Long before Public Enemy’s Chuck D rapped “beware of the hand when it’s coming from the left” on 1991’s classic “Can’t Truss It,” great black American writers — from Ellison to Wright to Baldwin — scrutinized the paternalistic aspects of white liberalism.

Earlier this year, such considerations were thrust into the mainstream national conversation, ignited by a single tweet from rapper, producer, entrepreneur Kanye West.

“I love the way Candace Owens thinks,” West wrote in an April 21 tweet, referencing a millennial, pro-Trump, conservative critic who is also a black woman.

What followed was a frenzied news cycle that saw West advocate for independent thought, came out as a supporter of President Donald Trump and sparked debates over whether he was shining a light on hegemonic media influence over political and cultural narratives or if he’d simply lost his mind.

Cultural critic Armond White characterized West’s outburst as “an appeal to reason that disconnects from the party line that keeps black Americans tied to the aims of leftist doom merchants who continue to manipulate them as disaster-prone unfortunates.”
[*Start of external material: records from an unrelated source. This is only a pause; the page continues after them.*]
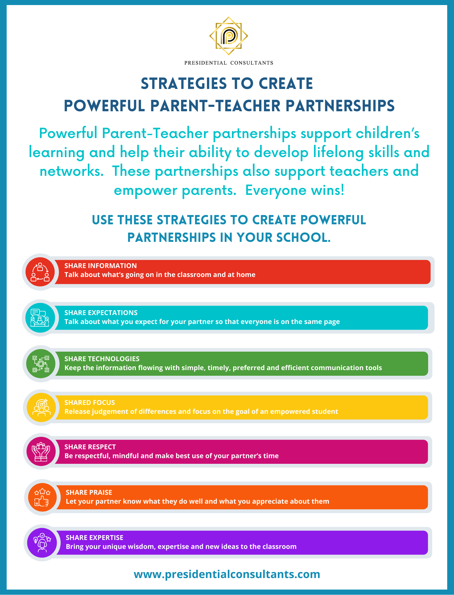 Seven strategies to build powerful parent-teacher partnerships. These partnerships support children's learning and help their ability to develop lifelong skills and networks.
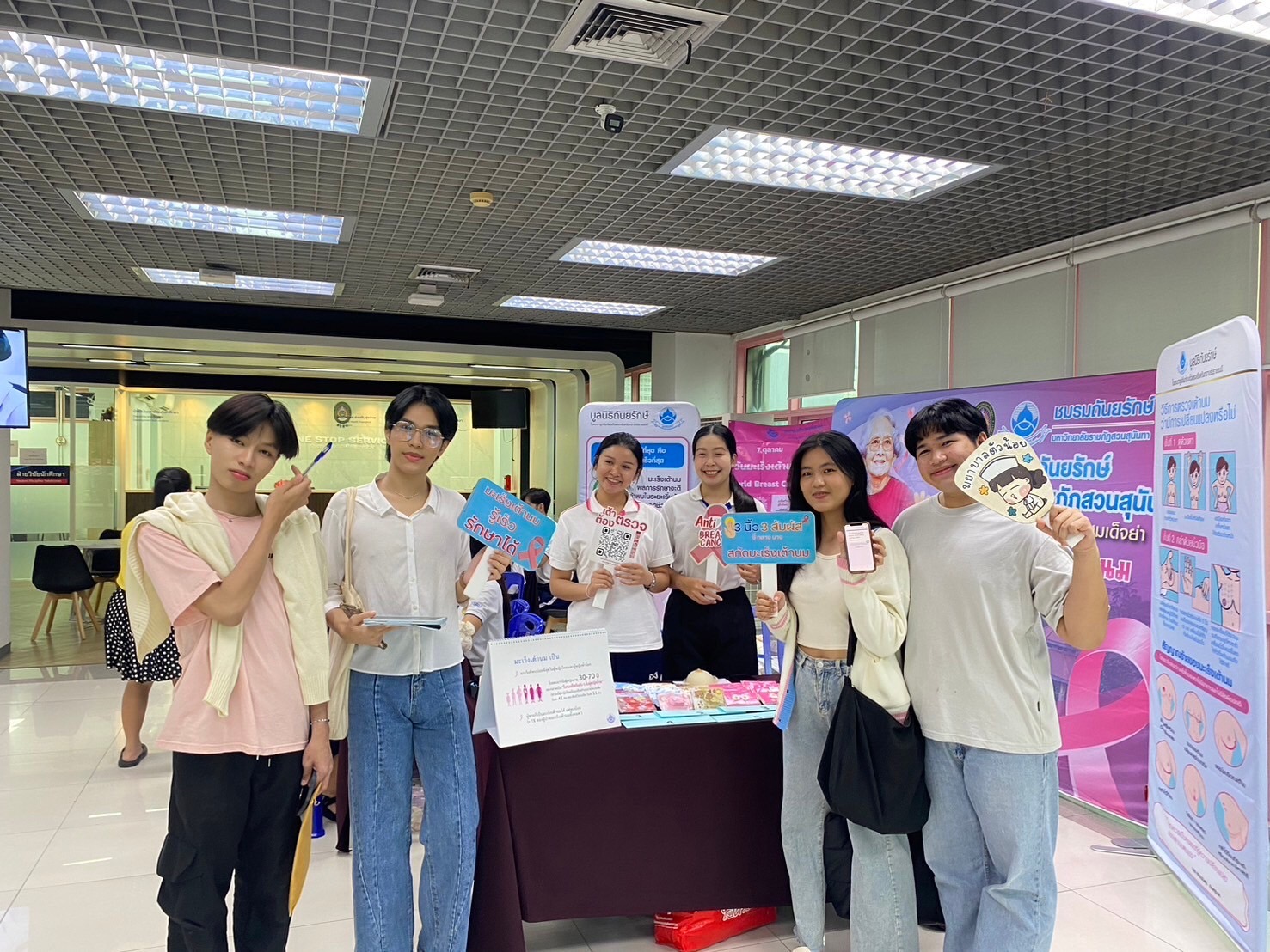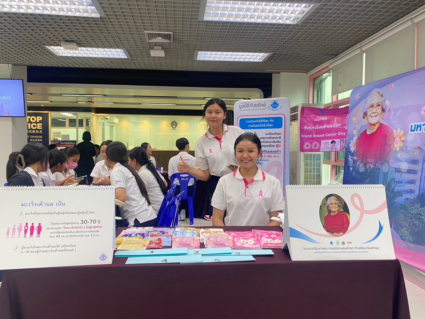 On October 7, 2024, at 9:00 AM, at the first floor of Suan Sunandha Health and Sports Center, the Division of Student Development, in collaboration with the Tanyaruk Club of Suan Sunandha Rajabhat University, organized a breast prosthesis sewing activity to donate to breast cancer patients. This initiative was a collaboration between Suan Sunandha Rajabhat University’s College of Nursing and Health and the Tanyaruk Club, alongside Sabina Public Company Limited, a producer and distributor of lingerie under the "Sabina" brand, which supported 50 breast prosthesis sewing kits in line with the event's goal.
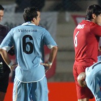 El único partido que Roldán le arbitró a Uruguay. Empate con Perú en la Copa América 2011. Allí se lo ve anotando algo delante de Godín mientras un peruano consuela a Lugano.

In The Atlantic, Ta Nehisi Coates suggested West had chosen a “path of self destruction” disconnected from his black identity.

Throughout the praise and criticism, West continued to affirm he was attempting to break Americans free from staid patterns and narratives that preordained how certain groups are supposed to think.

There is at least some evidence that West was onto something. Coleman Hughes, ​writing about West for Quillette in April, cited several polls on issues such as race affirmative action, and microaggressions that contradict the perception that blacks’ views “align with ‘progressive’ policies.”

This might help contextualize much of the frustration, expressed as mockery, directed toward Johnson for her tweet expressing confusion that a wealthy black man could support the NRA.

On the other hand: Some Republicans, and particularly populist conservative movements like the Tea Party and MAGA, have arguably done little in the way of distancing themselves from the worst elements, making it easy for Democrats to paint the whole movement as tolerant of bigotry.